A fish broke Alex Rose’s finger.

A hurled halibut, to be specific, caused the workplace injury to the monger at Seattle’s Pike Place Market where fish have flown since the mid-80s.

The somewhat apocryphal story is that mongers decided flinging fish over the counter to be wrapped was more efficient than walking back to complete the sale.

Or perhaps Pike Place Fish Market owner John Yokoyama, floundering towards bankruptcy, decided the stunt would lure customers and perhaps make his stall world famous.

Either way, the flying fish tipped the scales back into the black and the raucous fish shop at the entrance to the labyrinthine market is one of the busiest outlets at Seattle’s most popular tourist attraction.

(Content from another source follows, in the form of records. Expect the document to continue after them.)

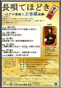 平成30年度 千代田区生涯学習 区民自主企画運営講座 「長唄てほどき -江戸の情緒と三味線体験-」
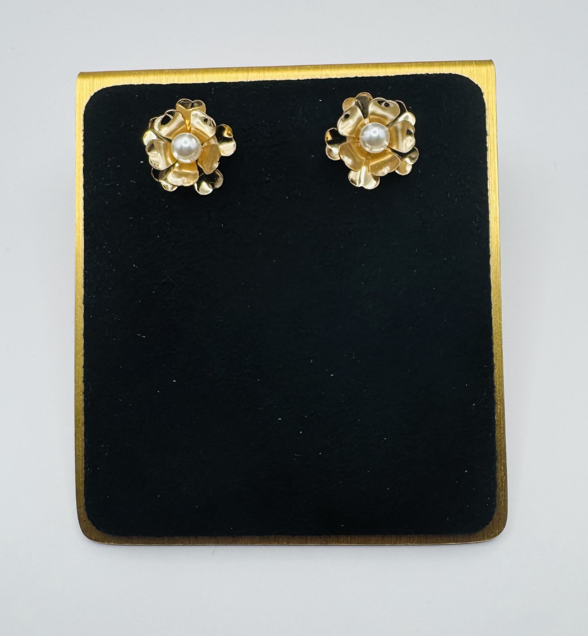 Introducing our Mini Flower Post Earrings, elegantly coated in gold and adorned with faux pearls. Delicate and charming, these earrings add a touch of sophistication to any outfit. Perfect for everyday wear. One Size. Lead Compliant.
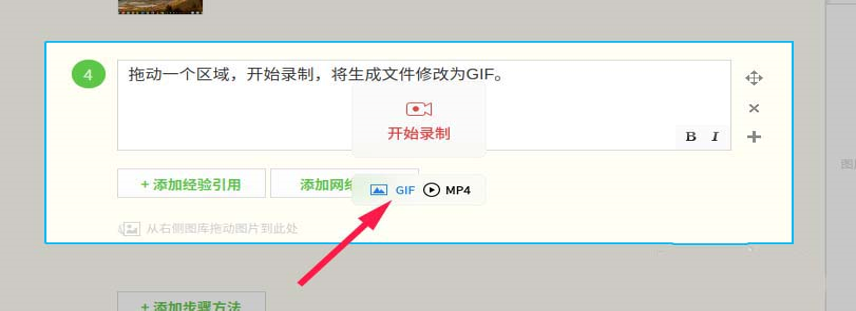4、 拖動(dòng)一個(gè)區(qū)域,開始錄制,將生成文件修改為GIF。
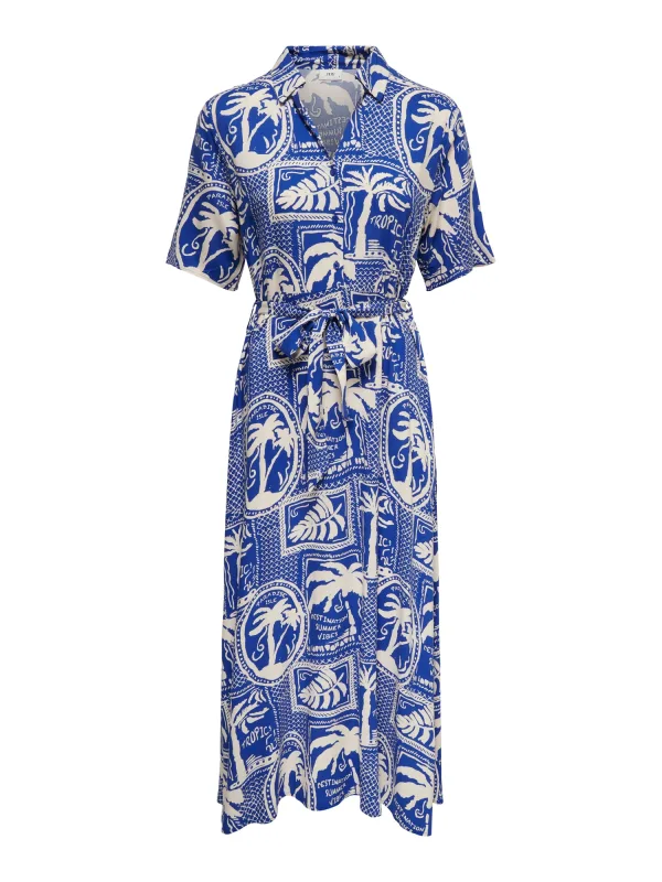 Design: Gevoerde zoom/rand, Turn-down kraag, Tailleriem; Type sluiting: Knoopsluiting; Materiaal: Viscose; Halstype: Polokraag; Extra's: All-over patroon, Gladde stof; Lengte: 7/8 lengte; Snit: Getailleerd; Pasvorm: Normale pasvorm; Armlengte: Halve mouw

More than 15 million people visited last year — not all of them tourists, given the range of fresh produce available daily at Pike Place Market on Elliott Bay.

Locals shop at this 112-year-old Seattle institution, which continues to live up to the slogan painted in tall letters next to the famous neon sign: “Meet the producers.”

A handful of farmers started the market in 1907 to get around price-gouging wholesalers by selling direct to the public. Buyers immediately vastly outnumbered sellers intimidated by middle men, but Pike Place survived standovers and the initial “clammers’ fiasco” (as one newspaper described opening day) to flourish. Mostly.